Imagine the Buffalo Bills and Cincinnati Bengals trading their star quarterbacks.
Imagine two NHL teams trading goalies.
Imagine a long-theorized, never-consummated deal that would have sent Joe DiMaggio to Boston and Ted Williams to the Yankees, where each would have enjoyed hitting home runs to a short pull field.
Those deals don’t and didn’t happen because most sports value continuity.
Then there’s the NBA, where the Mavericks and Lakers, contenders in the same conference, exchanged two of the 10 best players in the league midseason. Where Jimmy Butler can gut one organization, then be embraced by another.

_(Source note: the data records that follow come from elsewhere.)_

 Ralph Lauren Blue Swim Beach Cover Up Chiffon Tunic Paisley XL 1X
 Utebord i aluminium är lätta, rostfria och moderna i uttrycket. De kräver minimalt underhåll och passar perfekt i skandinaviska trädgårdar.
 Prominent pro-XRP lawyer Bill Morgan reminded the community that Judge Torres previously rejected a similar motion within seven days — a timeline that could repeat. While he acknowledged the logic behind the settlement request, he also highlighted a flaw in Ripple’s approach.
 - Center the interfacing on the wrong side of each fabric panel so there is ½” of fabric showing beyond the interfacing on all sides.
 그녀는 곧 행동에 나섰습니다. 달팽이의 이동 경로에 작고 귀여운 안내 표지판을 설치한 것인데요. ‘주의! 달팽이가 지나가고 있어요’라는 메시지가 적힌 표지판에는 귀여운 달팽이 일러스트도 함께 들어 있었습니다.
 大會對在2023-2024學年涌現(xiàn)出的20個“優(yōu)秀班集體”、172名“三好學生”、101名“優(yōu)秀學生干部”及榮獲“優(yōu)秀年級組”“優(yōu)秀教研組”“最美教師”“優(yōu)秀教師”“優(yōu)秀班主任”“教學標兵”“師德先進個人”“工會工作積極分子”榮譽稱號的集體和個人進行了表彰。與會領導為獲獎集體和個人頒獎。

Where Kevin Durant, one of the greatest scorers in league history, can be the subject of accurate trade rumors not only every offseason but every trade deadline.
The sheer audacity of the NBA ethos is personified by the Timberwolves’ Tim Connelly, who has made four major deals since arriving in the summer of 2022 — trading half the franchise for Rudy Gobert, dealing D’Angelo Russell for Mike Conley and Nickeil Alexander-Walker, trading up to get Rob Dillingham in the draft and dealing Karl-Anthony Towns for Julius Randle and Donte DiVincenzo.
Connelly, like his peers, is liable to do just about anything at any time.